■ **Provided information**
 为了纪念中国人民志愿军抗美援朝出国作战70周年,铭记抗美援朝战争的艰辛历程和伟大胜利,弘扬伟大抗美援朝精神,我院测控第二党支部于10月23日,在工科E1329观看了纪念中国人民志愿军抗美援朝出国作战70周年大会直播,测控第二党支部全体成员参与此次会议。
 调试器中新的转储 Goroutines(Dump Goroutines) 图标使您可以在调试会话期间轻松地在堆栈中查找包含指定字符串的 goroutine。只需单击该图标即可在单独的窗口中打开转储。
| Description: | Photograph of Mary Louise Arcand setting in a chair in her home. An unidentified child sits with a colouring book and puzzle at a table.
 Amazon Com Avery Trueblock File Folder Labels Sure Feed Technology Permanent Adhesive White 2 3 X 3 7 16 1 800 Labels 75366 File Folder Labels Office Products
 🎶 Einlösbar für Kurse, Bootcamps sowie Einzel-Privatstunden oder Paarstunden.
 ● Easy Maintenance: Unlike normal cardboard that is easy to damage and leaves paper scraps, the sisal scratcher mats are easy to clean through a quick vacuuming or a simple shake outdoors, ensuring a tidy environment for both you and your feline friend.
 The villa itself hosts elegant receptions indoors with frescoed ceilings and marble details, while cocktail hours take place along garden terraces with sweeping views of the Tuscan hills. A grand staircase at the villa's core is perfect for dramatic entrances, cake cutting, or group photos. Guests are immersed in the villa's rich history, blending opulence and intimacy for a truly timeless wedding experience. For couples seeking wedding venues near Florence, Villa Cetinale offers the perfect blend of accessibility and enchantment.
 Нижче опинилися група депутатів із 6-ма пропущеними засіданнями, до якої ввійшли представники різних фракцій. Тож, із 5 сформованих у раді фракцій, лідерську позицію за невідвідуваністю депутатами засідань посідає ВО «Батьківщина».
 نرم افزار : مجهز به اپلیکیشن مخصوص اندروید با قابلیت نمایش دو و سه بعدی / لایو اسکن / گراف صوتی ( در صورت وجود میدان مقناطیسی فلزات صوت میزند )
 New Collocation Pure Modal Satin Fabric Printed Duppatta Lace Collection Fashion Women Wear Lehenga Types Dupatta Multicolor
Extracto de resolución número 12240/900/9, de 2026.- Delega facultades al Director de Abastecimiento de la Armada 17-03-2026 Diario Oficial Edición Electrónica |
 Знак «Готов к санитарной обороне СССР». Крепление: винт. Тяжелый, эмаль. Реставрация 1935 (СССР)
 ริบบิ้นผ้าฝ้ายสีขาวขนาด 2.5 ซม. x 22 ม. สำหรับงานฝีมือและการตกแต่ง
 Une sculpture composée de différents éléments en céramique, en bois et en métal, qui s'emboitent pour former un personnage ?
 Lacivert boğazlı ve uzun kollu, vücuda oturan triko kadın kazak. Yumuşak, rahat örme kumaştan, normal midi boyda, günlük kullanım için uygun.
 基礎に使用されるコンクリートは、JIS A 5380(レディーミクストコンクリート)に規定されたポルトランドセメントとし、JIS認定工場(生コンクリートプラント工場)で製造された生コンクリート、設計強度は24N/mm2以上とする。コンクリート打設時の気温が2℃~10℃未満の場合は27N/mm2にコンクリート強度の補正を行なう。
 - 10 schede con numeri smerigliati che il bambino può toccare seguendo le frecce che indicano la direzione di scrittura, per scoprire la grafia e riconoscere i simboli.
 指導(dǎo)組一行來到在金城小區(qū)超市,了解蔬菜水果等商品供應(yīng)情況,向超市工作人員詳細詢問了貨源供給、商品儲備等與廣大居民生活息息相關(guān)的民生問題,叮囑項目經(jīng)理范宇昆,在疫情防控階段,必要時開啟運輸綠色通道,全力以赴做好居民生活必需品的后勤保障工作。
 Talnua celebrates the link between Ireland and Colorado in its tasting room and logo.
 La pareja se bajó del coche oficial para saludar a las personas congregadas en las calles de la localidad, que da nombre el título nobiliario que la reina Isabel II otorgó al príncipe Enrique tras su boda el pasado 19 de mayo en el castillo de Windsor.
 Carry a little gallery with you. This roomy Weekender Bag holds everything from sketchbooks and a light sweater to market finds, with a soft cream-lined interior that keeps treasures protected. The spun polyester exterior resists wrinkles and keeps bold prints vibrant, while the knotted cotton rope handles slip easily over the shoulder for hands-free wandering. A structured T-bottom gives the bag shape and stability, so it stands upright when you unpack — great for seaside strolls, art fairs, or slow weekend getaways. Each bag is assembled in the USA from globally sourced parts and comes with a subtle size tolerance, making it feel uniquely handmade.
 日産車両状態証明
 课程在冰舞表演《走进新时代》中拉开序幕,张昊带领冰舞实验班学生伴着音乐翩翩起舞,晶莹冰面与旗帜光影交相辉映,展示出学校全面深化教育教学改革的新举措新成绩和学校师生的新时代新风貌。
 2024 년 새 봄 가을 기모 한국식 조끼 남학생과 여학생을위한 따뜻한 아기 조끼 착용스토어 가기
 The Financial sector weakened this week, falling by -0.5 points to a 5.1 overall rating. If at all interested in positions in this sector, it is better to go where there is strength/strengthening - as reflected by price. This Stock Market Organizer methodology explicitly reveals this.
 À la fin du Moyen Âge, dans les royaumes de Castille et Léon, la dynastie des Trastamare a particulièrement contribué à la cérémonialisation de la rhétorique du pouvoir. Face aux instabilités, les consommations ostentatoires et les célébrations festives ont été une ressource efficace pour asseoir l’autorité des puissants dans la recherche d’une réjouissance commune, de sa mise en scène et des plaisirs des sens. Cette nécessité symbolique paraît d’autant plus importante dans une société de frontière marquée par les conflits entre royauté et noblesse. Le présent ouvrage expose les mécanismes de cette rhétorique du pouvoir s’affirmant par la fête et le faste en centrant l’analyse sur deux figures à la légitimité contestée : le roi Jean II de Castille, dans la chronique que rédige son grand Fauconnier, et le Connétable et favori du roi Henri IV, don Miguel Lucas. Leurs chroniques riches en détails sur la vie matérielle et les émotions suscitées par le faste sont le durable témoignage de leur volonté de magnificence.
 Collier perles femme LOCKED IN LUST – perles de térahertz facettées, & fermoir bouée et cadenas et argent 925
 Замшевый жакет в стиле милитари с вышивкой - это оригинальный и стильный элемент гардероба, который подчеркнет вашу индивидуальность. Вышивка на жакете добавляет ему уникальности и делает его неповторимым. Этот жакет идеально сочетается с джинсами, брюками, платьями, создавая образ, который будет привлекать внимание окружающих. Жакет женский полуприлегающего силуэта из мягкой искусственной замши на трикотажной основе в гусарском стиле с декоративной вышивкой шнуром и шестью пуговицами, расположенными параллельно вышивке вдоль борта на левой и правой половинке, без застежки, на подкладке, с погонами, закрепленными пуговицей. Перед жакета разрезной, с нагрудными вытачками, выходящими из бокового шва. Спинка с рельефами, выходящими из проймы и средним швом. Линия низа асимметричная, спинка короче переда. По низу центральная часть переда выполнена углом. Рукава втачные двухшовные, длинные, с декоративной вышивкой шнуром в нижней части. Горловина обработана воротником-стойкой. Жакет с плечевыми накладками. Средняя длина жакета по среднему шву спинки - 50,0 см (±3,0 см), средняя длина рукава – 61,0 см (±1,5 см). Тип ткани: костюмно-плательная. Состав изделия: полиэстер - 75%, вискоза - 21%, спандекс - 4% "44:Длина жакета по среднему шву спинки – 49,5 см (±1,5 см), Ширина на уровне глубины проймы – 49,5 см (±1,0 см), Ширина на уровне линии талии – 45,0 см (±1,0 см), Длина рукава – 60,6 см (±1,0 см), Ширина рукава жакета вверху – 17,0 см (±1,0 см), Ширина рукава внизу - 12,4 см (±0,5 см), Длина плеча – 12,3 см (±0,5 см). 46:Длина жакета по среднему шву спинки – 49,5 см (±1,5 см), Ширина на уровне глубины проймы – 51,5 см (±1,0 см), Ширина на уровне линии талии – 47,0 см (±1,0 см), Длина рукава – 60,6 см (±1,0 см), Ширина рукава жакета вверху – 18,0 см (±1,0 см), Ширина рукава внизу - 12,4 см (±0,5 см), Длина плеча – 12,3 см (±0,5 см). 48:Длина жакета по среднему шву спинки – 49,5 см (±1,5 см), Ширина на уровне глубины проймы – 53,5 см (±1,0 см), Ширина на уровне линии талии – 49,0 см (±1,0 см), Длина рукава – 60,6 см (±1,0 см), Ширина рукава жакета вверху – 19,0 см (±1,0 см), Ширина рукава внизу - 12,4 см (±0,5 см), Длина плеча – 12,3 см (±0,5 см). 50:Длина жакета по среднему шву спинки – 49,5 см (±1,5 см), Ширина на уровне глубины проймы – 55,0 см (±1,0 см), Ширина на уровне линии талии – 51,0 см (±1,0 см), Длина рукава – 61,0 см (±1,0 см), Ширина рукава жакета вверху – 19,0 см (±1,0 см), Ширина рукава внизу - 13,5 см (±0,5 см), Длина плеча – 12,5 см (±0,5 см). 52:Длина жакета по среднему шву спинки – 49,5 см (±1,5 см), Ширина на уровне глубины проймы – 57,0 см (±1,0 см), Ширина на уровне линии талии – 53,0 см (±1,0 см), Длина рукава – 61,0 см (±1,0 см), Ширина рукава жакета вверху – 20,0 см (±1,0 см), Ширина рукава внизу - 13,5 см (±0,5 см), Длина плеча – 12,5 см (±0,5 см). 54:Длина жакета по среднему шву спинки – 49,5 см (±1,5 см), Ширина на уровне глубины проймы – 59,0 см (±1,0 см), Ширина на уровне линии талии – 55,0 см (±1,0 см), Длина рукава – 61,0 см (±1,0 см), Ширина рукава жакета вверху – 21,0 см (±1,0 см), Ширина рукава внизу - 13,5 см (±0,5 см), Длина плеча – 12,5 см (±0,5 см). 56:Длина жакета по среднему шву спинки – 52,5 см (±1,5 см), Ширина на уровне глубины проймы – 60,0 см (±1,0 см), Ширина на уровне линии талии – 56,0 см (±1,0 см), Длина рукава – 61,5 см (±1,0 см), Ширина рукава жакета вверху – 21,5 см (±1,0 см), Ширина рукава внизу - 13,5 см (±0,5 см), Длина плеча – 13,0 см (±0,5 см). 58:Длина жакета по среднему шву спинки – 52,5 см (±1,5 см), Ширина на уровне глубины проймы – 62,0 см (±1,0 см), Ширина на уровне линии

■ **Exercise requirements**
Return nothing but the lines from the first line of the listing through the line with "Einzel-Privatstunden oder Paarstunden.", please, keeping every one of them unchanged.

■ **Answer area**
 为了纪念中国人民志愿军抗美援朝出国作战70周年,铭记抗美援朝战争的艰辛历程和伟大胜利,弘扬伟大抗美援朝精神,我院测控第二党支部于10月23日,在工科E1329观看了纪念中国人民志愿军抗美援朝出国作战70周年大会直播,测控第二党支部全体成员参与此次会议。
 调试器中新的转储 Goroutines(Dump Goroutines) 图标使您可以在调试会话期间轻松地在堆栈中查找包含指定字符串的 goroutine。只需单击该图标即可在单独的窗口中打开转储。
| Description: | Photograph of Mary Louise Arcand setting in a chair in her home. An unidentified child sits with a colouring book and puzzle at a table.
 Amazon Com Avery Trueblock File Folder Labels Sure Feed Technology Permanent Adhesive White 2 3 X 3 7 16 1 800 Labels 75366 File Folder Labels Office Products
 🎶 Einlösbar für Kurse, Bootcamps sowie Einzel-Privatstunden oder Paarstunden.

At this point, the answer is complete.